PUBLICATION DAY SPECIAL: THE SECRET SHORE BY LIZ FENWICK

I’ll say up front that for me, this is Liz Fenwick’s best book yet. It is just so very rich in everything; the sense of the era, the superbly described settings, the characters that refuse to leave your side.

The Secret Shore is also Liz’s first fully historical novel and her research is impeccable. Not only that, it is used so sparingly in both tiny period details and sweeping events, it whisks you back the Second World War in an entirely credible and unsentimental fashion that never gets in the way of the story.

The entire narrative is carried by the main character, Merry, an Oxford geography lecturer recruited to help the war effort. Merry is an expert in maps and they stretch into every corner of her world; her vital work, her hobbies, and even her personal life. If there is something she cannot map she is deeply uncomfortable. Liz uses the metaphor well and it never seems overdone.

War, however, throws up the unforeseen; the unmappable, the unfathomable, the tragic, the moments of laughter and intense joy. But it is also a time of transit, impermanence, the last time of all that career-minded Merry would want to listen to her heart.

Set mainly around Liz’s beloved Helford River, this book is a treat not to be missed.

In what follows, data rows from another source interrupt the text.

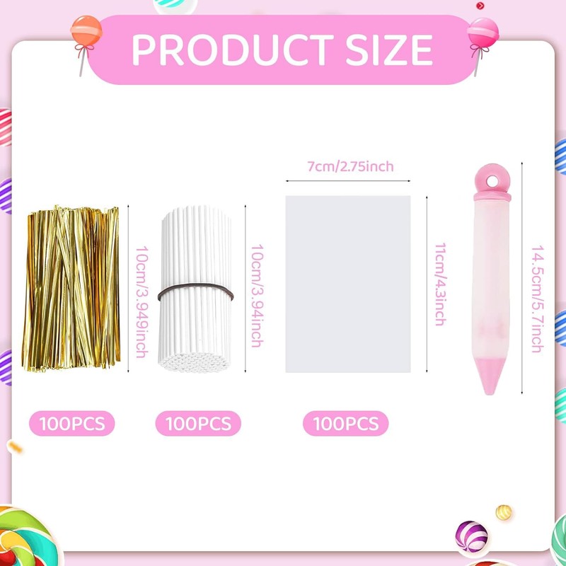 - VALUE PACKAGE: you will receive 302pcs cake pop maker kit. Includes 1pcs cake pop scoop, 1pcs decorating pen with Four-headed,100pcs lollipop bags, 100pcs papery treat sticks and 100pcs metallic twist ties. Our cake pop accessories is also very friendly for beginners. Cake pop can be made without a oven.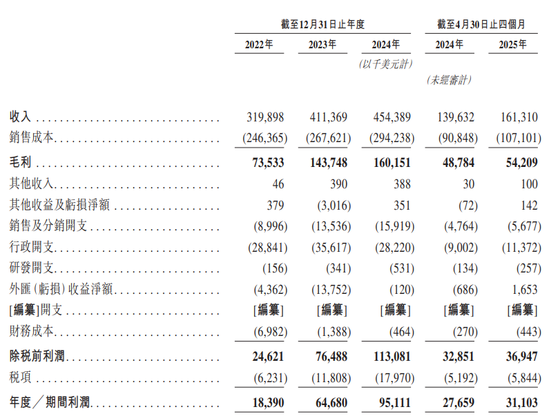 財務方面,於往績記錄期間,樂舒適實現了穩定增長,盈利能力持續提升。公司的收入由2022年的3.20億美元增加至2024年的4.54億美元,複合年增長率為19.2%,並由截至2024年4月30日止四個月的1.40億美元增加15.5%至截至2025年4月30日止四個月的1.61億美元,原因是公司持續提高在現有非洲市場的滲透率,同時藉助其品牌知名度及廣泛的銷售網絡將業務擴展至拉丁美洲及中亞。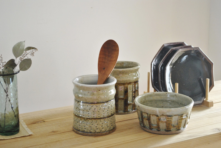 程よい重さで安定感があり、キッチン周りの道具をスッキリと収納できます。

When Liz told me in passing she had read forty books in the name of research, I had to ask more about how she set about that gargantuan task:

If I had known beforehand that it would require me to read forty books and multiple academic papers in order to write The Secret Shore, would I have done it? Yes. This story was one I had to write because I love the Helford River so much. The story of the secret flotillas in WW2 is part of the history of the river and I have wanted to write about them for ages. But I struggled to find a way until the character of Meredith Tremayne, a cartographer, came to me.

The starting point for my research was the book The Secret Flotillas by Brooks Richards. In the course of writing The Secret Shore, I reread his book three times just to keep straight the different operations running the routes from Devon and Cornwall to Brittany. After learning of the teams’ immense bravery, I made the decision to use the names of the real people in my novel and this led to more books to research… from general history, to biography, to memoirs, and finally to obscure titles to find the small details. Some I had also read previously while researching for The Returning Tide, such as the personal memoir of the woman who managed the Ferryboat Inn during the war.

In all this fascinating background work the key thing for me was to digest the information and then to step away. It’s far too easy to want to squeeze in all the riveting facts, but that would have dragged the story down. By the end of my research, I may have done the equivalent of a Geography A level, but more akin to the study of geography as taught in the 1930s.

For The Secret Shore I stuck to my tried and tested method of doing my research in chunks. To begin with, only enough to write the first draft, then as the story develops I commence the deep dive for the right information. I can if I’m not careful become easily led astray down the many rabbit holes of research. Through the ensuing drafts I keep seeing the need for further information and will keep reading more to add subtle layers, without overloading it, hopefully bringing the story alive for my readers.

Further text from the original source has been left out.